Historically, and in the absence of reliable electricity, absorption technology refrigerators have played a key role in expanding the cold chain. This cooling technology is intended to be mains powered with liquified petroleum gas (LPG) serving as a backup. However, in 2016, 13 percent of facilities relied entirely on LPG as a main source of power as they lacked access to any other form of electricity. [3] Despite effectively expanding the cold chain where it otherwise did not exist, LPG refrigerators proved to be environmentally damaging, expensive and unreliable. [4]

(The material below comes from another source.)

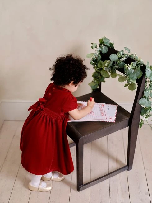 A traditional style is always adorable on little ones, and our Red Velvet Smocked Party Dress is no exception. This is a beautiful dress with adorable details such as the Peter Pan collar, smocked front, and stunning red velvet material. You can easily dress this up for the party season. Classic red velvet. Peter Pan collar. Short sleeves. Smocked front. Gathers at the waist for a full effect. Button back opening for easy dressing.

With an estimated monthly LPG consumption rate of 11.4 kg, these refrigerators consume approximately 123 tonnes of LPG in a single year and cost USD 422 per health facility. [5] They also have shorter life spans than optimal cold chain equipment (CCE) and are often responsible for vaccines freezing as they lack freeze-protection mechanisms. This contributes to a facility-based freeze excursion rate of 3.5 percent. [6]

Optimizing the cold chain with innovative cooling solutions 

To overcome the challenge of a costly and environmentally damaging cold chain, the Ministry of Health (MoH) has set the ambitious goal of strengthening the vaccine supply chain by equipping all facilities with optimal CCE by 2026. Optimal CCE consists of cooling solutions that meet a standard of performance criteria set out in the World Health Organization’s (WHO) Performance, Quality, and Safety Catalogue requirements that is referred to as platform-eligible CCE (in line with Gavi’s Cold Chain Equipment Optimization Platform (CCEOP)). [7]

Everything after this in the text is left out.